Both Mark and I work full day jobs too. Our morning starts at 5:30 AM with letting 10 week old Dharma out to pee but only after she is quiet in in her crate and the initial "Good Morning happy to see you" stops. Feed the cats, feed Dharma in her crate with the door open. She will not go all the way in-too smart for that. Give her water out of the crate. Let her out again, Go and have cuddle time in bed if I am lucky. Only I get shark attacked and she chews the sheets before settling down. Sometimes the cats will come up too and no one settles quietly. So I start my day- phone calls, laundry etc. Often I have to go to physiotherapy before work at 11:00 AM so I get stuff done and take Dharma for a walk and some play time before I leave for the day. Mark comes home most days at 4:00 PM unless he has physiotherapy. Dharma is in her crate for 3-4 hours a day and is only just getting being in the crate and not peeing. I give her a Kong with peanut butter(she only just started liking this). a dentastix and liver treats. She only whines for a few minutes. I think we have missed the signs too. Dharma has quite a vocabulary! I don't think we have helped her that way. But 3 weeks in it is coming. I am sure you will figure it out. I have to work at the crate training which is frustrating.


----------



## AmandaW (May 23, 2013)

Hearing all of your feedback is reassuring. Since this post, we've added towels back into the crate and even though we've come home at lunch or EOD to some wetness, we've also come home to dryness. You're all right in saying it's just a matter of time until his little bladder catches up. He's getting lots of praise for successes and corrections for missteps we catch (quick sweeps outside) . Knox loves Kongs with peanut butter and loves bullysticks even more.
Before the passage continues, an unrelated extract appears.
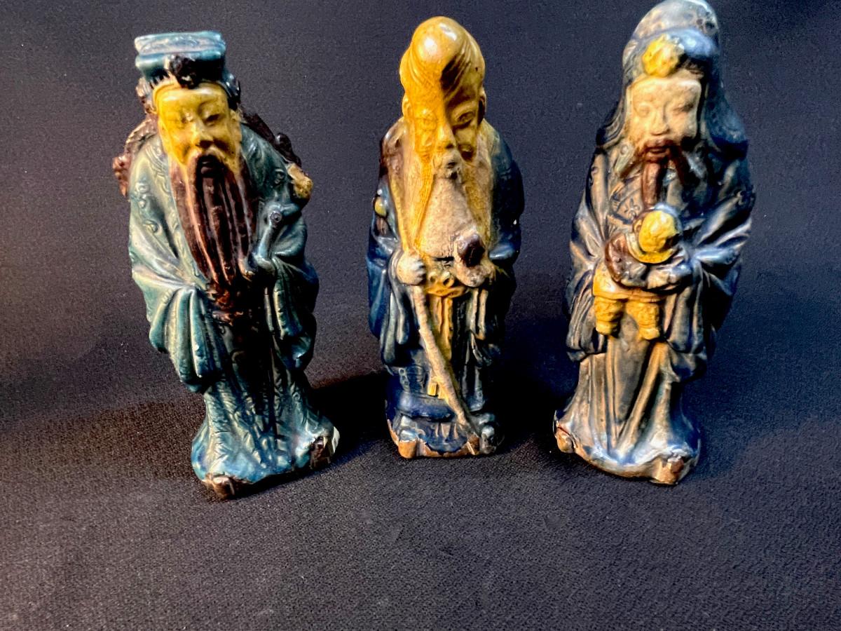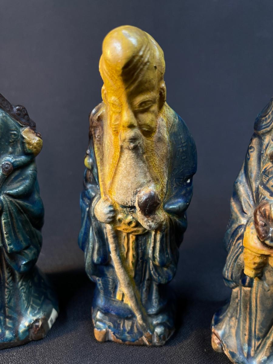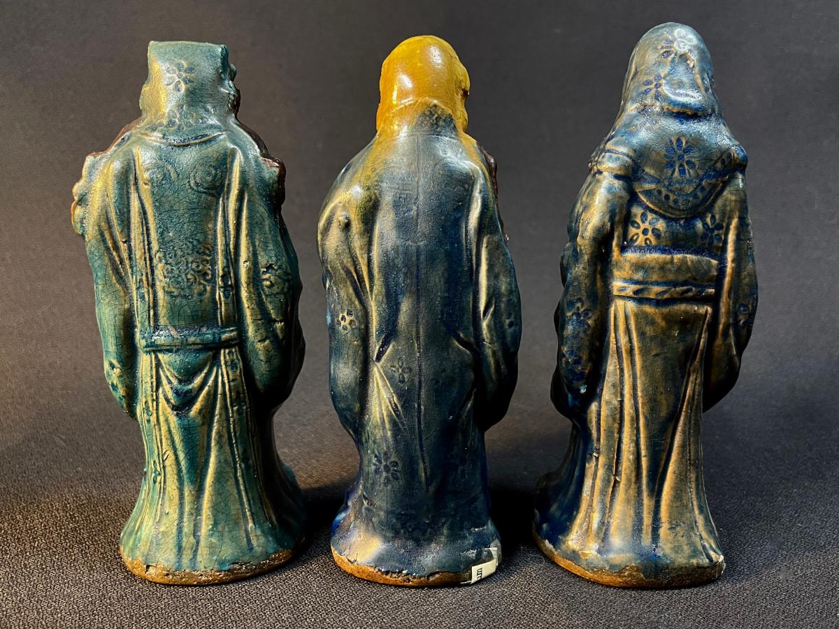DESCRIPTION: This lot includes three crudely cast and glazed pottery Lohans venerated in the Chinese pantheon of wise men. All three have been glazed with the famous sancai three-color glaze.
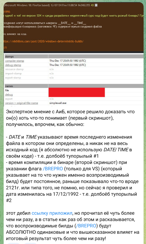 Реально гений. Когда видишь отзывы о срабатываниях антивируса, посылы нахуй при получении ошибок сборки, несовпадение хешей при сборке - нужно верить именно разработчику, ну хотя бы пока тебя ебалом не ткнут в говно. Я же говорил, типичный любитель вирусных мокрописек.

Thanks to all of you for sharing your stories, thoughts and confirming we're on the right track!


----------



## mrmra (Jul 18, 2013)

I cheat with my Piros -- he comes to work with me at my full time job. He's about 12 weeks old. He can make it 3 hours if he's napping, 4 if he's sleeping, and 2 if he's awake but not too bouncy, and less than 1 hour if he's been hard charging, tearing up everything in sight.

At work, I take him outside to pee every hour or two. Use mostly verbal praise, but have sporadically treated. He now "gets" that he should pee outside.

He started to pee for attention for awhile (always on a rug), but just ignored him or locked him in a room by himself for a couple minutes and that stopped.

He will delay pooping if he thinks I'm going to take him inside right after pooping.

Still struggling with crate training -- will stay in it overnight now so long as the door is cloth and not metal bars (e.g. throw a sleeping bag over it).

Anyway, just data points for you.

Cheers,
-mra-


I think it's just physiologically impossible for your pup to hold it 4.5 hours if he's at all awake in the crate. But hey! In another month the problems should start to subside, so long as he gets that it should be outside and not inside, right?


----------